Many don’t recall the days where public servants were just another extension of political machines, jobs to be given to political supporters in return for votes or kickbacks. Or the days where labor unions were illegal, and attempts to ensure workplace safety fell on deaf ears. If any institution has spoken out for, and defended professional civic service and middle class aspiration, it is labor unions. From the beginning, labor unions have ensured that the most productive workforce in the world share in the American Dream of economic security; In other words, that people have enough. Which is why the upcoming Supreme Court case, Freidrichs v. CTA is so dangerous to all that unions have worked for.
The Freidrichs case threatens a labor unit’s ability to organize and protect their members from dangerous working conditions, untoward political pressure, and the ability to earn a middle class livelihood. Supporters may say that they have issues with political activities of local unions, but ignore the fact that members have the right to opt out of seeing their dues used for political purposes. The plaintiffs in the case, under consideration by the Supreme Court this week, ask that the local units of the California Teachers Association should negotiate a contract, defend it, protect member safety, improve professional practices, and advocate for schools without being able to collect dues from its members to do so. In other words, the plaintiffs want a free lunch. They want the services a healthy union would offer, without paying the dues that fund the same activities. Even Reagan’s favorite economist, Nobel-prize winning economist Milton Friedman, who was fond of the grand maxim of economics, that ‘There ain’t no such thing as a free lunch’, would recognize the issue with this case.
This case threatens every labor union by doing what has frustrated small businesses, as well as city managers for decades; it creates what is referred to as an unfunded mandate. When the federal government passes regulations without helping the businesses comply with them, or tasks cities with orders, without additional revenue, it hinders their ability to make a living. The same goes with unions. Unions would be tasked with the same obligations, yet denied the dues to comply, with the purpose of weakening, and eventually breaking one of the last bastions in defense of the middle class. Before you ask yourself, “how much is enough?” we should ask who benefits from such a case, and what it means for the future of public education.
The immediate beneficiary is large corporations. In the United States today, corporate profits have never been higher. Often you see this reflected in the skyrocketing returns on Wall Street. Much of this has to do with the phenomenal labor productivity of working Americans, currently the highest in the world. But while productivity rises, the median income for an average American has barely budged; which explains the record setting corporate profits of the 21st century. Because so few Americans are now part of a labor union, few have any bargaining power to ensure a standard of living more of us used to enjoy, a standard of living that became so synonymous with our nation that we even refer to it metaphorically as the ‘American Dream’. This case threatens one of the most trodden paths to that dream, and the bulwark of our citizenship; public schools, and their defenders, the California Teachers Association.
The beneficiaries in the longer term are radicals. One reason the United States has never seriously considered communism, or even European-style Socialism, is the leveled playing fields our public schools provide, and the free market system we have enjoyed.

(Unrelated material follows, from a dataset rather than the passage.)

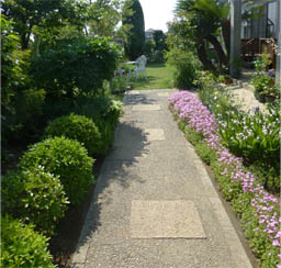 ![]() 門右手の庭への入り口。周囲を飾るガーベラやクレマチス。 |

However, both of these are threatened by the Friedrichs case. This case undermines the California Teachers Association’s role as an advocate for great neighborhood schools for all children, regardless of race or class, as well as the freedom for all workers to organize to ensure safe working conditions. The equality of opportunity we task to our schools, and the freedom of association granted to our workers, has created mechanisms to correct the worst injustices Karl Marx predicted would doom capitalism. But without these mechanisms of liberty and economic opportunity the dangerous threat of radicalism raises its ugly head and imperils our nation’s economic strength and stability.

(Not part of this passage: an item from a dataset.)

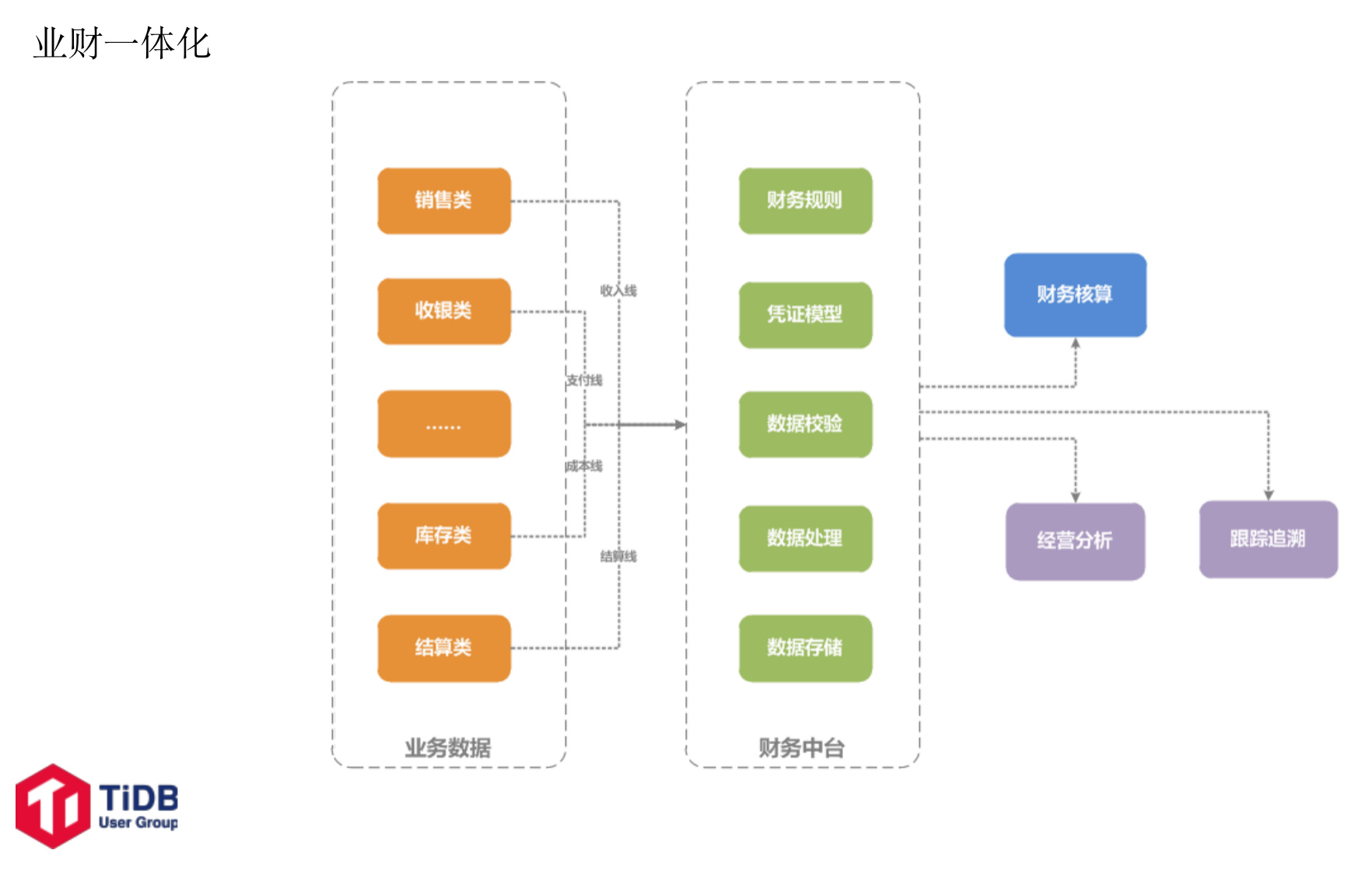 什么是业财一体化,我们先来看一下目前多点的业财一体化的整体架构。我们可以看到这个业务数据里面,销售类的对应财务系统的收入线,收银类对应的支付线,库存类对应成本线,结算类对应结算条线,所有这个业务条线的数据最终会汇聚到我们财务中台里面,通过我们的财务规则、凭证模型、数据校验,以及数据处理、数据存储,整个一套完整的规则体系,来生成我们对应的财务核算的数据。同时需要产出经营分析的相关的一些报表数据,以及进行业务单据和财务单据的跟踪追溯。可能我们传统的财务ERP里面,业务和财务数据是相互独立的,数据难以进行跟踪和追溯,并且只能做到财务核算,不能为这个业务赋能。

While only nine Supreme Court justices will get a chance to vote on this issue, it only serves to put into focus the stakes of the 2016 Presidential election. The next president will continue to nominate replacement justices for the courts, and these lifetime appointments can continue to reshape American policy and law for decades. Our American Dream of economic security is threatened when we have a system that goes out of its way to allow unlimited money from corporate interests erodes our democratic system, but prevents regular working people from organizing to improve our society. It is time for us to say we’ve had enough.